The simple way to see if it will work with the least chance of damage is to Right-Click the group and do the Move Group. It will then turn it off on the Active node and try to move it to other node. If it works then you are good.

Server Cluster How To...
http://technet.microsoft.com/en-us/library/cc786260%28WS.10%29.aspx
Cluster-Move.jpg
Thanks for the detailed helpful information.
So did it work out?

Glad to be of assistance. May all your days get brighter and brighter.
jimpen
thanks for your patient help. I will be implementing some of your ideas after some ground work , for some real testing.. perhaps i will bring that up in another post.

thanks much. brighter and brighter.. sounds good...
jimpen

Can you let me know your thoughts abt the 3 lock:escalations when the active node started again.

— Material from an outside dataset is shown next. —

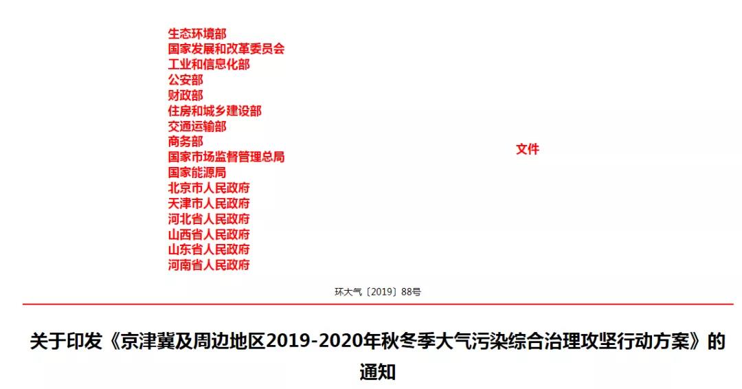 京津冀及周邊地區2019-2020年秋冬季大氣污染綜合治理攻堅行動方案

also the passive node did not have any of the meaningful resources of the active node. Is this right?
thanks
The lock:escalations don't really concern me with a newly restarted SQL Server. Even if the server is accepting remote connections and servicing queries, it takes a few minutes for SQL to "settle back in."

If you see them constantly after the server has been up, you can be starved for memory, you have large or poorly written queries running, or there may be contention for resources from various maintenance plans and/or applications.

>> also the passive node did not have any ...

Yes. The SQL Service is dependent on the IP, Network Name and the data drive being on the other node all at the same time before it starts. Since it wasn't, it couldn't start.